In my woozy state on Thursday morning, I didn’t think I could handle it. Then I drove for five hours and spent every waking moment with family for about 60 straight hours, hearing about the injury from everyone who’d seen it, and I figured I got the gist. Plus, the whole idea of a rule change seems kind of far-fetched. They can fine or suspend guys who smash into catchers unnecessarily (if the catcher isn’t blocking the plate or the guy getting run over isn’t A.J. Pierzynski), but the real issue is how the loss of Posey for presumably the rest of the season will affect a team with a ridiculously good pitching staff and an embarrassingly bad offense, and to a lesser extent a group of fans that’s in the middle of a pretty impressive sellout streak. For everyone mentioned, Posey’s loss is going to hurt.

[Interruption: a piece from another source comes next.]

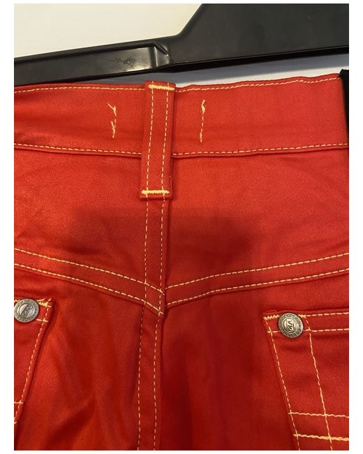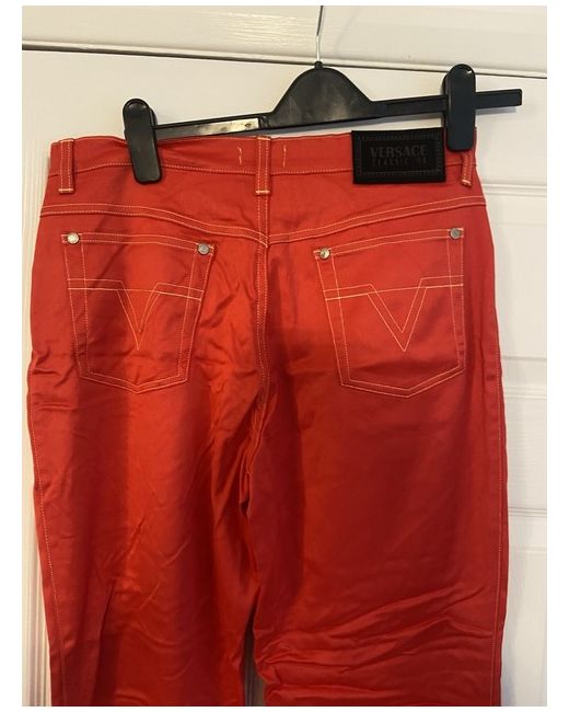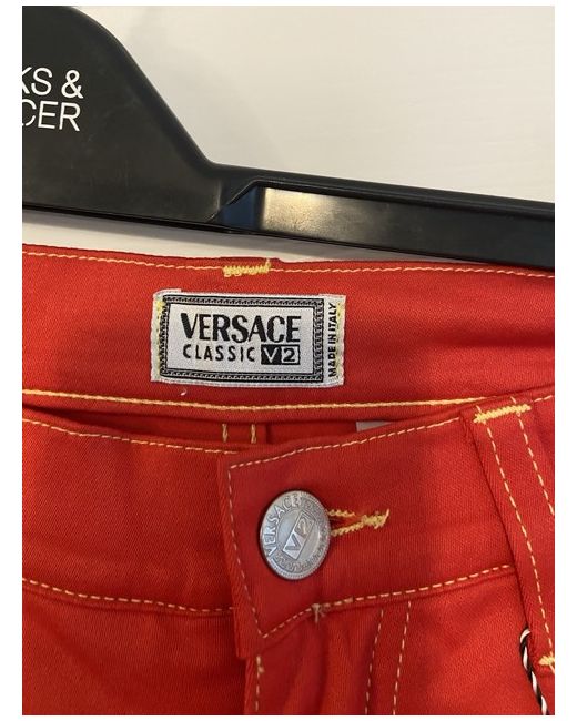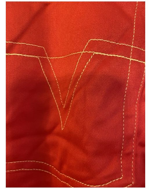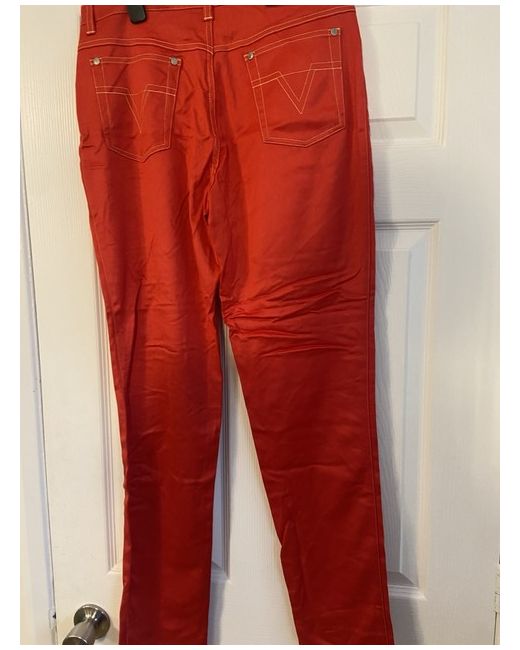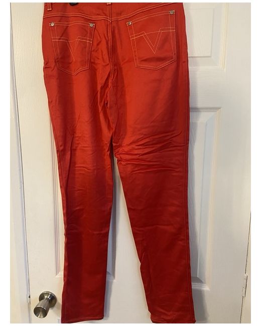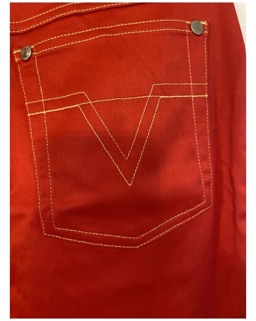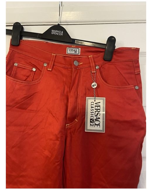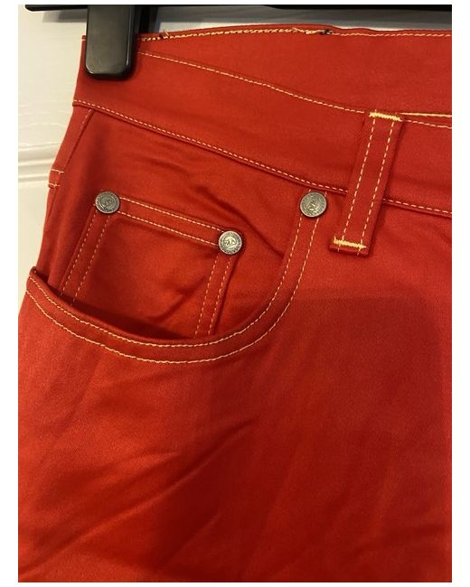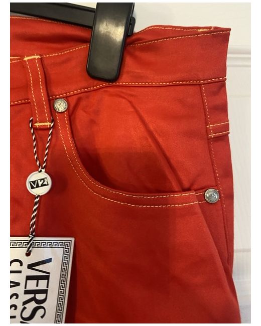 The Versace Red Jeans are a vintage pair of women's jeans made from cotton denim. These straight-cut jeans feature a zip closure, machine washable fabric, and a classic 5-pocket design. With a vibrant red colour and a size 42, these versatile jeans are perfect for the summer and spring seasons. Made in Italy by the renowned brand Versace, these jeans are a stylish addition to any wardrobe for those who appreciate both fashion and quality. Size 32 European about size 14/small 16. Cotton type jeans not thick material. BNWT UK buyers only - no returns

Not as badly as Posey’s ankle did that night, but the pain’s still palpable.

Some Arizona Diamondbacks fans are quite fine with the loss of Posey. A little too fine, unless you’re a crass SB Nation “Manager” named Jim McLennan, who wrote a story for AZ Snakepit called “Buster Posey and Schadenfreude.” Okay, I lied about hanging out with family for 60 hours straight. I had to work remotely on Friday for my day job, and in between answering emails I checked out this guy’s jealous rantings and had to comment. Then we went back and forth for a while, before he turned off the comments on that post and deleted several that painted him in a bad light (no hate speech, no profanity, simply logic that made him look like an illogical, barbaric jerk). Sort of like when that John Steigerwald post about how fans can avoid ending up like Bryan Stow if they’d just stop wearing jerseys to games got taken down by whatever rag newspaper in Pittsburgh that printed it in the first place, it’s tough these days to hold strong to a completely ridiculous, vile argument unless a huge media conglomerate has your back.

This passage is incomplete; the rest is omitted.